The broken furniture here contains a great deal of smudged coloured wax, powders, and what were once expensive cloaks and gowns. Most of it is simply rotten, and the rest is burnt or charred. Smashed mirror shards are everywhere.

Room 21 Chorus' Dressing Room

Wooden masks are scattered over the floor in heaps and between the broken furniture and slashed clothing. There are also props such as staves, wands, swords, spears, crowns, necklaces, and amulets etc made of paste and costume jewellery. Detecting for magic will reveal it all to be junk.

The masks are in 4 batches of 16 identical designs each. They depict, rather abstractly, old men, old women, young men, and young women. They have eye- and mouth-holes to let the actors see and speak. The female masks have less wear.

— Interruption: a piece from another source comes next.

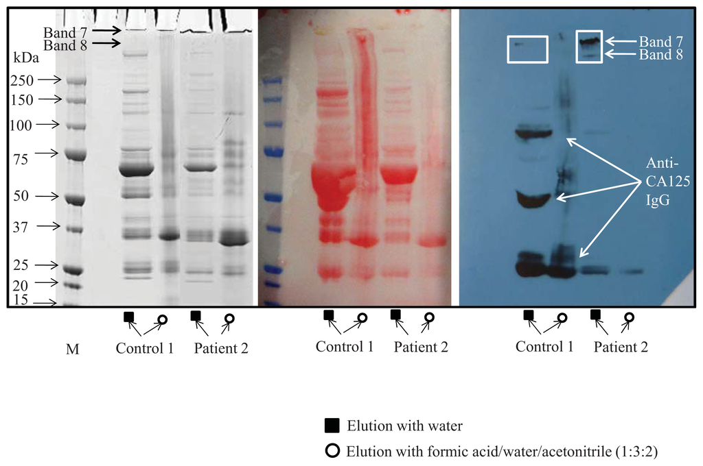 The isolation of CA125 by immunoadsorption was optimized according to Peter et al. [17]. Elution with water as well as formic acid/water/acetonitrile (1:3:2) was tested. The presence of CA125 was identified by Western blot in the water eluate in bands 7 and 8 (Figure 2). Amount of CA125 isolated was analysed by CA125 ELISA. CA125 from all patients and age-matched controls was isolated using this method and bands 7 and 8 were cut from the SDS-PAGE gel and used for glycan analysis.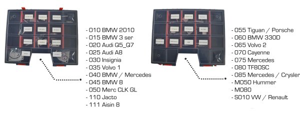 The case contains adapters for the most common automatic transmission types (incl. CVT and DCT).

Otherwise nothing of interest.

Room 22 The Safe Room

The secret door opens by means of a simple stone `click' release which is currently hidden behind a pile of ruined garments.

Inside are 16 emaciated mummified bodies of actors arrayed in costumes, but without masks, which make them resemble a group of city elders but any expert eye will reveal the jewels and gems to be fake gilded metal and paste while the clothes are cheap cloth dyed and embroidered to look good at a distance.

Room 23 Ritual Room

Tapestries depicting arid hills hang to the east; snow-covered mountains to the west. Much dried blood and bodies scattered around.

Room 24 Purification Room

Empty, whitewashed (and peeling) walls marred by black damp spots.

Room 25 The Communion Room

Two stone chairs face each other with the remains of statues on them (all one piece originally). The missing upper torsos, arms, and heads lie scattered about the mosaic floor. If the heads are examined there is an obvious similarity between the male and female faces. Both statues were of archers and the mosaic floor, if cleared, can be seen to depict two archer deities killing a group of people around a distraught female.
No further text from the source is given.